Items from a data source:
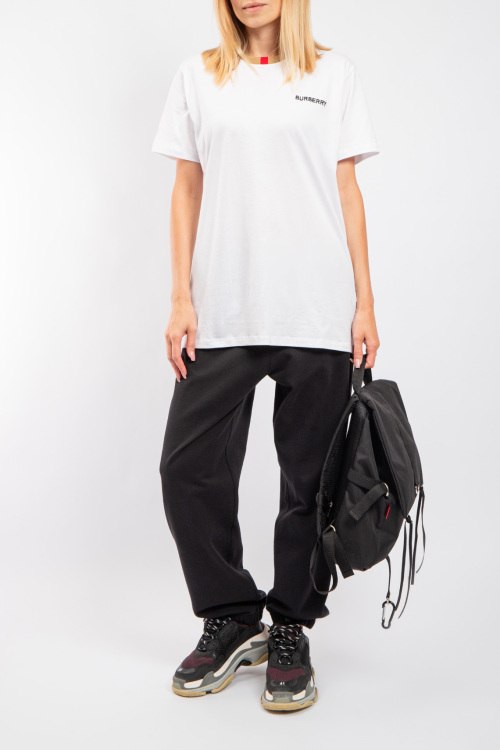 Женская белая хлопковая футболка от Burberry (Бёрберри). Фасон oversize, логотип на груди, круглый вырез горловины с фирменной отделкой, короткий рукав, удлиненная длина.
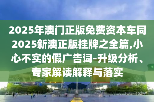 2025年澳門正版免費資本車同2025新澳正版掛牌之全篇,小心不實的假廣告詞-升級分析、專家解讀解釋與落實
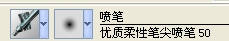 在工具欄中,選擇“畫筆”選項欄中,選擇“噴槍”按鈕。選擇黑色,新建圖層,在新圖層上畫出人物的輪廓。
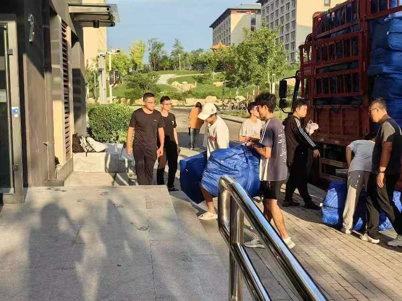 辅导员老师们到西区1号楼和2号楼,组织2022级、2023级学生志愿者参与新生被褥的搬运工作。
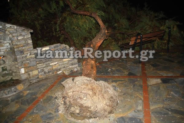 Λόγω του δυνατού αέρα αλλά και της καταρρακτώδης βροχής, πολλά δέντρα ξεριζώθηκαν συγκεκριμένα στην παραλία της Γλύφας, στην ανατολική Φθιώτιδα.
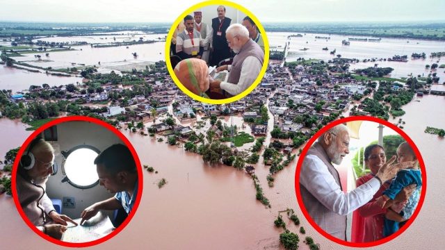 ਪ੍ਰਧਾਨ ਮੰਤਰੀ ਨਰਿੰਦਰ ਮੋਦੀ ਅੱਜ ਪੰਜਾਬ ਅਤੇ ਹਿਮਾਚਲ ਪ੍ਰਦੇਸ਼ ਦੇ ਹੜ੍ਹ ਪ੍ਰਭਾਵਿਤ ਇਲਾਕਿਆਂ ਦੇ ਦੌਰੇ ‘ਤੇ ਹਨ। ਉਨ੍ਹਾਂ ਨੇ ਕੁੱਲੂ, ਮੰਡੀ ਅਤੇ ਚੰਬਾ ਵਿੱਚ ਹੈਲੀਕਾਪਟਰ ਰਾਹੀਂ ਹੜ੍ਹਾਂ ਨਾਲ ਹੋਏ ਨੁਕਸਾਨ ਦਾ ਹਵਾਈ ਸਰਵੇਖਣ ਕੀਤਾ। ਇਸ ਤੋਂ ਬਾਅਦ ਉਨ੍ਹਾਂ ਨੇ ਧਰਮਸ਼ਾਲਾ ਵਿੱਚ ਆਫ਼ਤ ਸੰਬੰਧੀ ਇੱਕ ਮੀਟਿੰਗ ਕੀਤੀ, ਜਿਸ ਵਿੱਚ ਅਧਿਕਾਰੀਆਂ ਨੇ ਉਨ੍ਹਾਂ ਨੂੰ ਇੱਕ ਪੇਸ਼ਕਾਰੀ ਰਾਹੀਂ ਨੁਕਸਾਨ ਬਾਰੇ ਜਾਣਕਾਰੀ ਦਿੱਤੀ। ਮੀਟਿੰਗ ਵਿੱਚ ਹਿਮਾਚਲ ਦੇ ਮੁੱਖ ਮੰਤਰੀ ਸੁਖਵਿੰਦਰ ਸਿੰਘ ਸੁੱਖੂ ਵੀ ਮੌਜੂਦ ਸਨ।
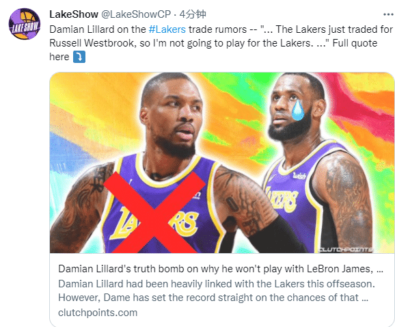 此前有球迷在社交媒体上表示我敢打赌,当赛季开始时,利拉德会为湖人队效力;如今利拉德再次表态自己不会加盟湖人,他表示:湖人已经交易得到威少,所以我不会为湖人队效力。我和威少打相同的位置,所以我敢和他(球迷)赌一百万美元。

WHAT THE TASK REQUIRES: Please give the data again in full, exactly as written, but without any images.

REPLY TO THE EXERCISE:
 Женская белая хлопковая футболка от Burberry (Бёрберри). Фасон oversize, логотип на груди, круглый вырез горловины с фирменной отделкой, короткий рукав, удлиненная длина.
 2025年澳門正版免費資本車同2025新澳正版掛牌之全篇,小心不實的假廣告詞-升級分析、專家解讀解釋與落實
 在工具欄中,選擇“畫筆”選項欄中,選擇“噴槍”按鈕。選擇黑色,新建圖層,在新圖層上畫出人物的輪廓。
 辅导员老师们到西区1号楼和2号楼,组织2022级、2023级学生志愿者参与新生被褥的搬运工作。
 Λόγω του δυνατού αέρα αλλά και της καταρρακτώδης βροχής, πολλά δέντρα ξεριζώθηκαν συγκεκριμένα στην παραλία της Γλύφας, στην ανατολική Φθιώτιδα.
 ਪ੍ਰਧਾਨ ਮੰਤਰੀ ਨਰਿੰਦਰ ਮੋਦੀ ਅੱਜ ਪੰਜਾਬ ਅਤੇ ਹਿਮਾਚਲ ਪ੍ਰਦੇਸ਼ ਦੇ ਹੜ੍ਹ ਪ੍ਰਭਾਵਿਤ ਇਲਾਕਿਆਂ ਦੇ ਦੌਰੇ ‘ਤੇ ਹਨ। ਉਨ੍ਹਾਂ ਨੇ ਕੁੱਲੂ, ਮੰਡੀ ਅਤੇ ਚੰਬਾ ਵਿੱਚ ਹੈਲੀਕਾਪਟਰ ਰਾਹੀਂ ਹੜ੍ਹਾਂ ਨਾਲ ਹੋਏ ਨੁਕਸਾਨ ਦਾ ਹਵਾਈ ਸਰਵੇਖਣ ਕੀਤਾ। ਇਸ ਤੋਂ ਬਾਅਦ ਉਨ੍ਹਾਂ ਨੇ ਧਰਮਸ਼ਾਲਾ ਵਿੱਚ ਆਫ਼ਤ ਸੰਬੰਧੀ ਇੱਕ ਮੀਟਿੰਗ ਕੀਤੀ, ਜਿਸ ਵਿੱਚ ਅਧਿਕਾਰੀਆਂ ਨੇ ਉਨ੍ਹਾਂ ਨੂੰ ਇੱਕ ਪੇਸ਼ਕਾਰੀ ਰਾਹੀਂ ਨੁਕਸਾਨ ਬਾਰੇ ਜਾਣਕਾਰੀ ਦਿੱਤੀ। ਮੀਟਿੰਗ ਵਿੱਚ ਹਿਮਾਚਲ ਦੇ ਮੁੱਖ ਮੰਤਰੀ ਸੁਖਵਿੰਦਰ ਸਿੰਘ ਸੁੱਖੂ ਵੀ ਮੌਜੂਦ ਸਨ।
 此前有球迷在社交媒体上表示我敢打赌,当赛季开始时,利拉德会为湖人队效力;如今利拉德再次表态自己不会加盟湖人,他表示:湖人已经交易得到威少,所以我不会为湖人队效力。我和威少打相同的位置,所以我敢和他(球迷)赌一百万美元。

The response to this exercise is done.